- Scientific career
- Fields: Sociology, demographics
- Institutions: Federation CJA

= Charles Shahar =

Canadian demographer

Charles Shahar is a Canadian demographer. He is the chief researcher for Federation CJA, a Canadian Jewish organization based in Montreal, Quebec. Shahar has conducted studies on Canadian Jews, as well as the first comprehensive community study of Hasidic Jews in Canada. He has conducted a comprehensive series of analyses of the 2001 Census, and more recently of the 2011 National Household Survey, along various themes.

==Demographic research==
Charles Shahar has conducted a number of studies on the Canadian Jewish Community. The majority were conducted as a secondary analysis of Canadian census data.

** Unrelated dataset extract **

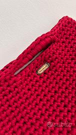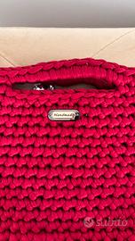 Borsa artigianale lavorata a mano in filato spesso, dal rosso intenso che non passa inosservato.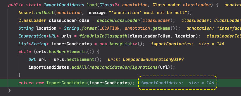 getCandidateConfigurations() 메서드를 타고 들어가 보면 ImportCandidates 클래스의 static method인 load() 메서드를 통해 META-INF/spring/org.springframework.autoconfigure.AutoConfiguration.imports 파일에 있는 146개의 AutoConfiguration 클래스들의 경로가 포함된 풀 네임을 가져오는 것을 확인할 수 있습니다.

===2003 study of Montreal Hasidim===
Shahar conducted the first comprehensive community study of Hasidic Jews in Canada. Shahar's 2003 study was sponsored by the Federation CJA, the Jewish Federation of Greater Montreal. The study is the first to include significant quantitative sample of a Hasidim in North America.

The study focused on the Orthodox community in Outremont, Montreal. A large portion of which identify as Hasidim. The study was also the first to include a significant sample of Chabad Hasidim.

To ensure greater response rate, Shahar procured letters from local community rabbis, requesting the community to answer the survey questionnaire. The survey had an 83% response rate, high by methodological standards.

====Findings====
Among Shahar's findings are an estimate for the number of Orthodox in Montreal, the average household size and fertility rates of specific Orthodox and Hasidic groups.